Auf einer kleinen Insel mitten im Loughadoon gelegen, scheint Doon Fort beinahe auf den dunklen Wassern Donegals zu schweben. Die mächtige Trockensteinanlage liegt nahe Ardara, in einer Landschaft aus Mooren, Hügeln und schmalen Straßen, die sich eine tief wildnisartige Atmosphäre bewahrt hat.

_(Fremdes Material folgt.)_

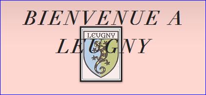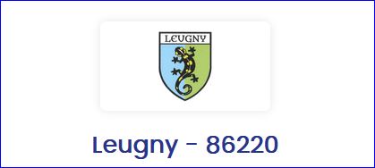 Parti d'azur et de sinople, à la salamandre tachetée [Salamandra salamandra] au naturel brochant sur la partition; le tout sommé d'un comble d'argent chargé de l'inscription « LEUGNY » en lettres capitales de sable.

Doon Fort ist keine Burg im klassischen Sinn, sondern eine weitläufige kreisförmige Steinbefestigung, auch Cashel genannt. Sie gehört zur Gruppe der Western Stone Forts, für den Westen Irlands typischen Befestigungsanlagen, die an ihren besonders hohen und dicken Mauern zu erkennen sind.
Doon Fort sollte nicht als frei zugängliche Touristenattraktion betrachtet werden. Das Denkmal befindet sich auf einer Insel, die von Privatgrundstücken umgeben ist, und es gibt keine regelmäßige öffentliche Verbindung über den See.
Früher sollen während der Sommersaison vor Ort kleine Boote angeboten worden sein. Diese frühere Möglichkeit wird auf vielen Websites noch erwähnt, doch weder ein regelmäßiger Verleih noch offizielle Preise sind bestätigt. Man sollte daher nicht anreisen und davon ausgehen, automatisch ein Boot mieten zu können.
Nach den derzeit verfügbaren Informationen muss der Zugang im Voraus mit der Donegal GAP Heritage and History Group organisiert werden und hängt von der Genehmigung des Eigentümers, den laufenden Erhaltungsarbeiten und den Wetterbedingungen ab.
Es ist zudem nicht ratsam, den Angaben in alten Blogs oder Foren blind zu folgen. Die Zufahrtsstraße ist sehr schmal, Parkmöglichkeiten sind begrenzt, und das Fort ist von der Hauptstraße aus nicht direkt zu sehen.
Doon Fort nimmt fast die gesamte Fläche seiner Insel ein. Seine leicht ovale Umwallung besteht aus Tausenden von Steinen, die ohne Mörtel zusammengefügt wurden. Diese Bauweise beruht auf der sorgfältigen Auswahl der Blöcke, ihrem Gewicht und ihrer Anordnung.
Die Mauer ist am Fuß durchschnittlich etwa vier Meter dick und erreicht außen stellenweise noch fast fünf Meter Höhe. Diese Ausmaße verleihen dem Denkmal eine besonders imposante Silhouette, die sich deutlich von den in der irischen Landschaft wesentlich häufigeren Erd-Ringforts unterscheidet.
Ein schmaler Eingang führte einst in den Innenbereich. In die Mauerstärke integrierte Treppen und Terrassen ermöglichten den Zugang zum oberen Teil der Umwallung. Der Weg auf der Mauerkrone erlaubte vermutlich die Überwachung der Insel, des Sees und des umliegenden Landes.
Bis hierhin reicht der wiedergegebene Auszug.